In the entries below, begin at the line with "작업 표시줄에 고정해놓은" and stop after the line with "Az ECOTOYS babaház"; output those lines exactly and omit the pictures.

───── Supplied data

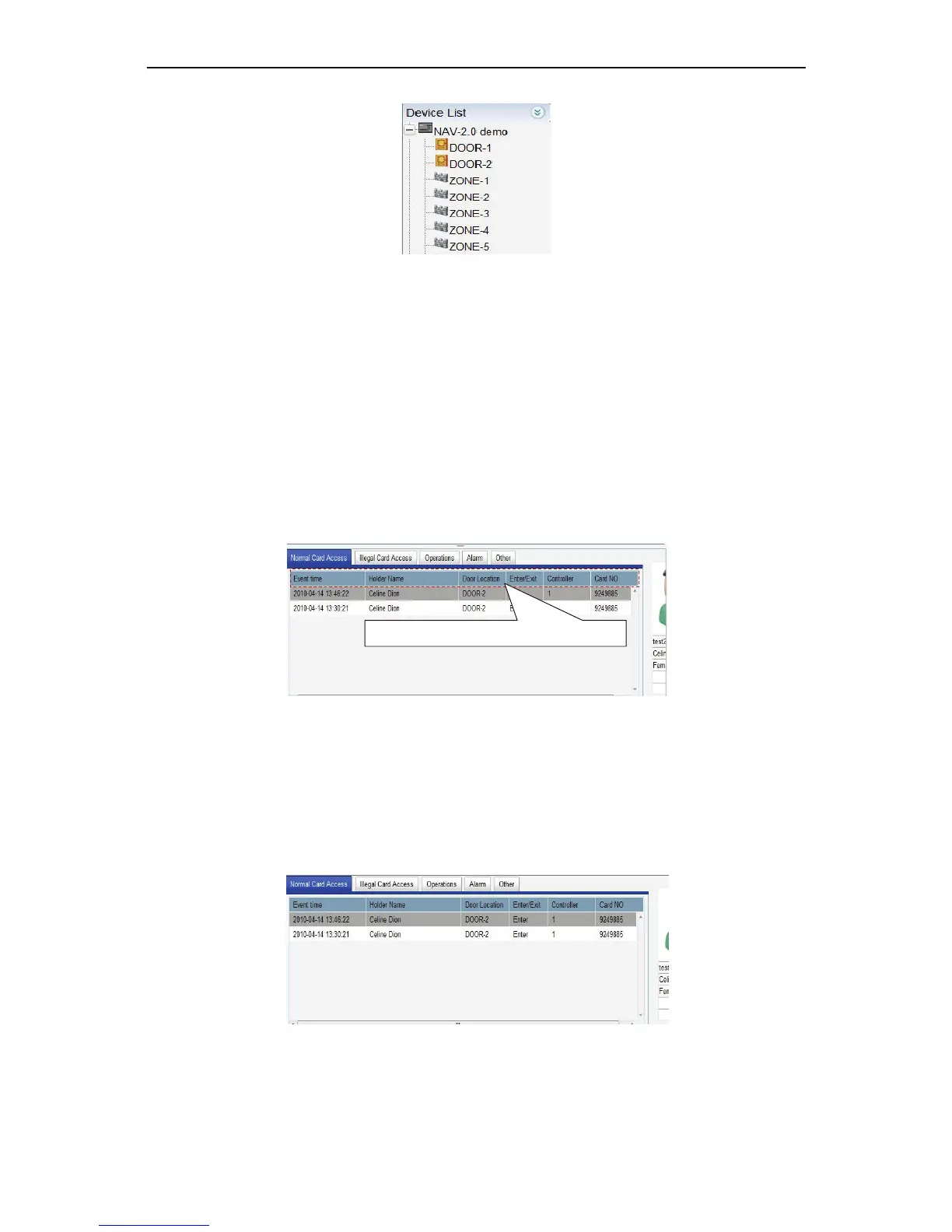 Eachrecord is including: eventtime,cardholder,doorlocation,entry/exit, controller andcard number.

──────────
───── Supplied data

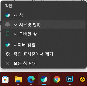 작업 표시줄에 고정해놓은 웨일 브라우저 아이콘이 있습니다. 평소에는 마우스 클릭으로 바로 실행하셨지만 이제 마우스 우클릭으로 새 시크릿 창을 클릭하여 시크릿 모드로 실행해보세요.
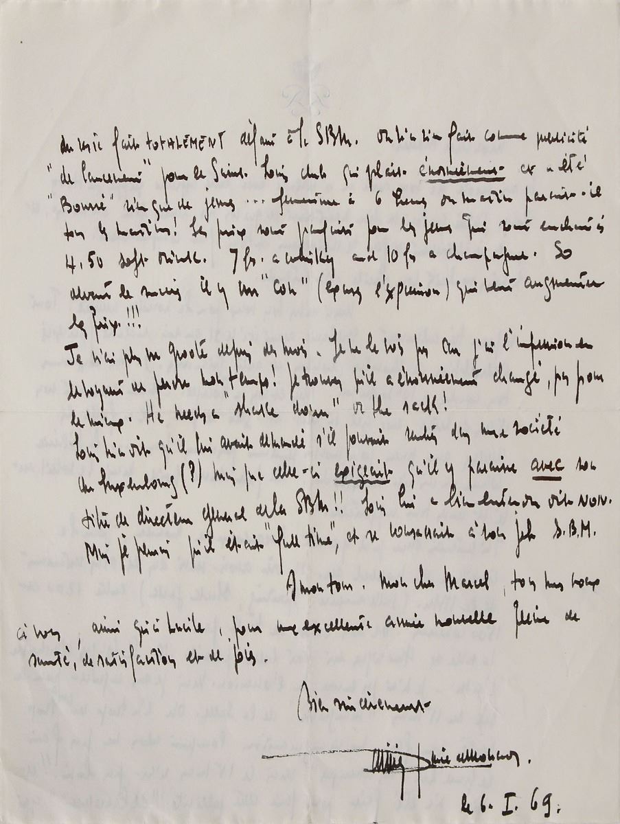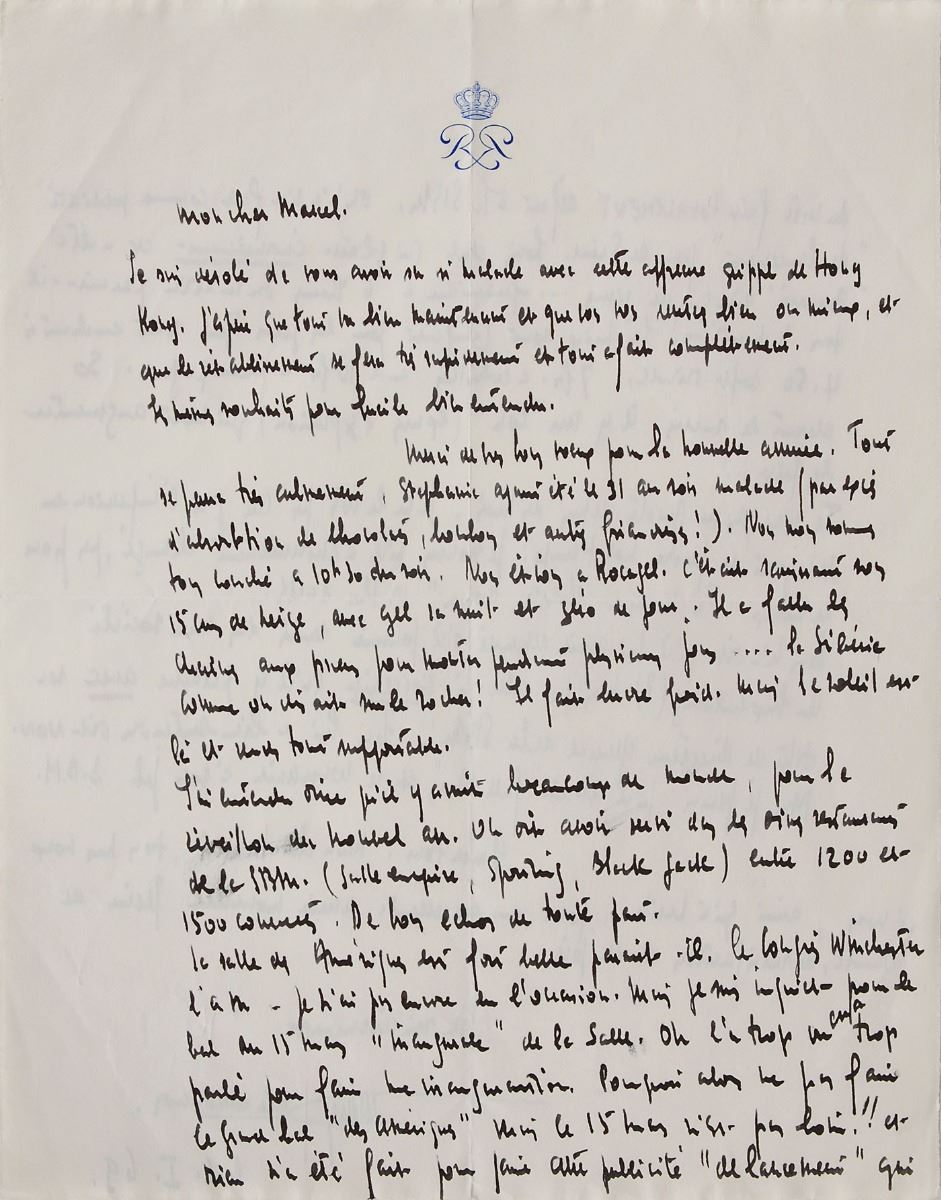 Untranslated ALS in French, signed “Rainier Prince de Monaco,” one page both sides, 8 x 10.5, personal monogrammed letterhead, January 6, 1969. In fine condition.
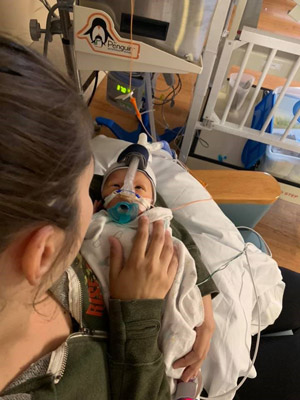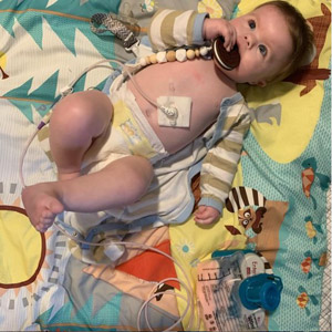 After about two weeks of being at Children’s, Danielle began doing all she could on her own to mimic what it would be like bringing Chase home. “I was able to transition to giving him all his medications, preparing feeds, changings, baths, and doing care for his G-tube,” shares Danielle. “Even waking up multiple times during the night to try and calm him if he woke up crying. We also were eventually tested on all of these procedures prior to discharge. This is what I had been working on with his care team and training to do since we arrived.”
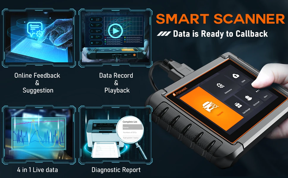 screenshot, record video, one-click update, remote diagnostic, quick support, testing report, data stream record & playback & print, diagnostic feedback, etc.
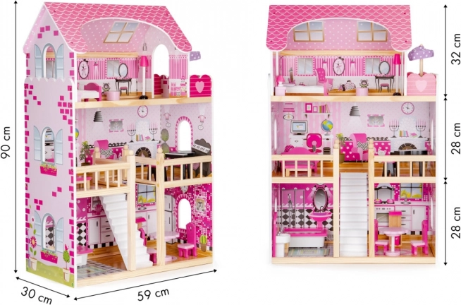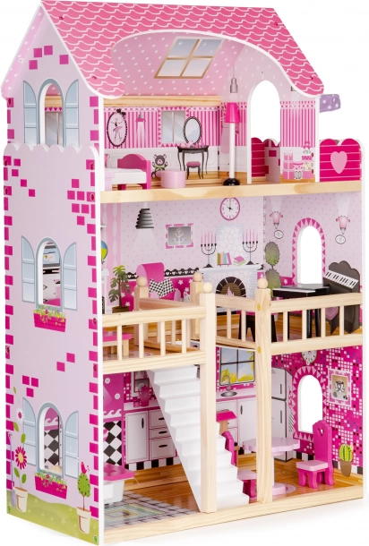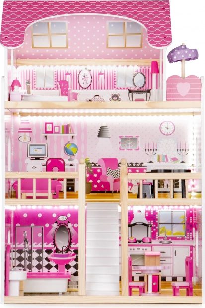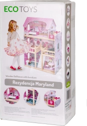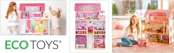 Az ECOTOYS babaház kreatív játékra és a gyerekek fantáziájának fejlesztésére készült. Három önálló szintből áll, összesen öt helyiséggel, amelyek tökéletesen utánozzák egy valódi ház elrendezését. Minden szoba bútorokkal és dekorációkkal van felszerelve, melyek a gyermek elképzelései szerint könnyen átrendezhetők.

──────────
───── Supplied data

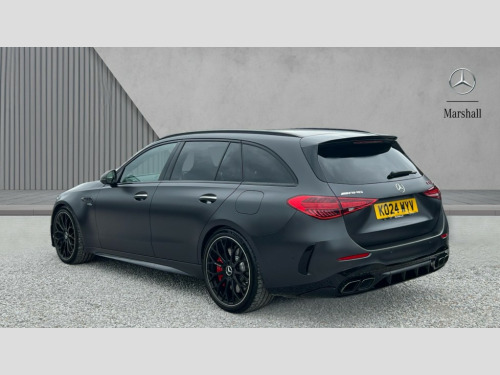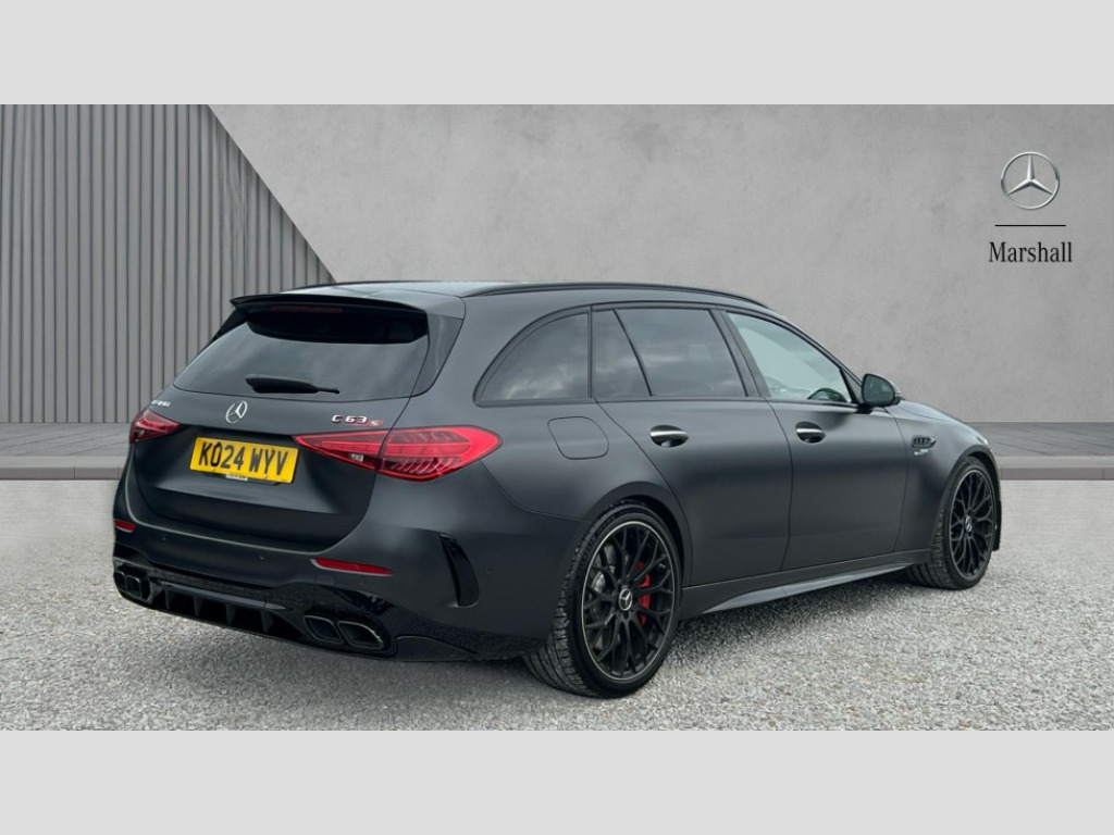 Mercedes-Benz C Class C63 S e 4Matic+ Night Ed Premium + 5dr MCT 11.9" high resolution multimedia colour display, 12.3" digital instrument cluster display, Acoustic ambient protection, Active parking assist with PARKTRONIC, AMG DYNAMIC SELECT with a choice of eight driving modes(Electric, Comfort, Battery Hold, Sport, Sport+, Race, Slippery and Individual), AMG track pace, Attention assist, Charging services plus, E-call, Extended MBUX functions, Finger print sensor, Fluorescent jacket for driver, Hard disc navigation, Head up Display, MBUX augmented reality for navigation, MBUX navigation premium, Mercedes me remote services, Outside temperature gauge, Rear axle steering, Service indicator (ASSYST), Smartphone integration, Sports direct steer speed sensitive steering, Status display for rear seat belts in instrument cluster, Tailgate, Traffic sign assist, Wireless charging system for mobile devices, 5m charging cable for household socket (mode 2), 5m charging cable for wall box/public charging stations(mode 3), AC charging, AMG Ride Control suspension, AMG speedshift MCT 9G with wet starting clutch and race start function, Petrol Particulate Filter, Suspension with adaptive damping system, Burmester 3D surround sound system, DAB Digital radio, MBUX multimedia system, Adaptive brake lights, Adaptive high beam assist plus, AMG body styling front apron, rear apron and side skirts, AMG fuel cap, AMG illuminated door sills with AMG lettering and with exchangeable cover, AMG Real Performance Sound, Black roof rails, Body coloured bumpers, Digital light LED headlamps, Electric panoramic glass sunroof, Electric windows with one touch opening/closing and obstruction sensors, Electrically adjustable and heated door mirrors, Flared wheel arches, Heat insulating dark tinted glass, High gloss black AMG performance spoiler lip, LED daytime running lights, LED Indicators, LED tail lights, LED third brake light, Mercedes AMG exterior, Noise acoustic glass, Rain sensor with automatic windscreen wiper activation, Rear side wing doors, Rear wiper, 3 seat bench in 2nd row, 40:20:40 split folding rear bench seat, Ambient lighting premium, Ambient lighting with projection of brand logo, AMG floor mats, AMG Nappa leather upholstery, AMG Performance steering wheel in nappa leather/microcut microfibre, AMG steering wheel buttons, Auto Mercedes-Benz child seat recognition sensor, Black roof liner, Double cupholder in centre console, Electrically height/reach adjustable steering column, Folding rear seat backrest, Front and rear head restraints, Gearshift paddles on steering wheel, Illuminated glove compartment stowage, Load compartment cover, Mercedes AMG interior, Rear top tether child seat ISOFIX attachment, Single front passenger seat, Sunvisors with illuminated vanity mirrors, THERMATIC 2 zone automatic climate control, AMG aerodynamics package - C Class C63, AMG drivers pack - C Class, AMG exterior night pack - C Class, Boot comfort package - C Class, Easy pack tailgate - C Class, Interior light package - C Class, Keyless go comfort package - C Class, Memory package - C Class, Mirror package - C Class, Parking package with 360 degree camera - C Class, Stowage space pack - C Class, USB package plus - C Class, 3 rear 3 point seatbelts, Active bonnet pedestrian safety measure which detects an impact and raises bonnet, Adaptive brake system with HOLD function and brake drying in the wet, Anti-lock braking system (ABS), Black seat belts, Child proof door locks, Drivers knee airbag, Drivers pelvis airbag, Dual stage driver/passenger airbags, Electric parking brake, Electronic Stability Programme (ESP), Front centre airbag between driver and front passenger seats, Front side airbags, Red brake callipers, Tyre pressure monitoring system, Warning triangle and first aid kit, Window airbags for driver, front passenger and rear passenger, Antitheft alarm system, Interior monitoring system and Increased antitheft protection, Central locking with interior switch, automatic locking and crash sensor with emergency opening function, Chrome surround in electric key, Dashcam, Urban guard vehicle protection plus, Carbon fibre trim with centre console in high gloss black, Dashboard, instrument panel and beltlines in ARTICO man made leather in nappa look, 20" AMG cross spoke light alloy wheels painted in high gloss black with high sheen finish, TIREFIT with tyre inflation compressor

──────────

Reply to the task:
 작업 표시줄에 고정해놓은 웨일 브라우저 아이콘이 있습니다. 평소에는 마우스 클릭으로 바로 실행하셨지만 이제 마우스 우클릭으로 새 시크릿 창을 클릭하여 시크릿 모드로 실행해보세요.
 Untranslated ALS in French, signed “Rainier Prince de Monaco,” one page both sides, 8 x 10.5, personal monogrammed letterhead, January 6, 1969. In fine condition.
 After about two weeks of being at Children’s, Danielle began doing all she could on her own to mimic what it would be like bringing Chase home. “I was able to transition to giving him all his medications, preparing feeds, changings, baths, and doing care for his G-tube,” shares Danielle. “Even waking up multiple times during the night to try and calm him if he woke up crying. We also were eventually tested on all of these procedures prior to discharge. This is what I had been working on with his care team and training to do since we arrived.”
 screenshot, record video, one-click update, remote diagnostic, quick support, testing report, data stream record & playback & print, diagnostic feedback, etc.
 Az ECOTOYS babaház kreatív játékra és a gyerekek fantáziájának fejlesztésére készült. Három önálló szintből áll, összesen öt helyiséggel, amelyek tökéletesen utánozzák egy valódi ház elrendezését. Minden szoba bútorokkal és dekorációkkal van felszerelve, melyek a gyermek elképzelései szerint könnyen átrendezhetők.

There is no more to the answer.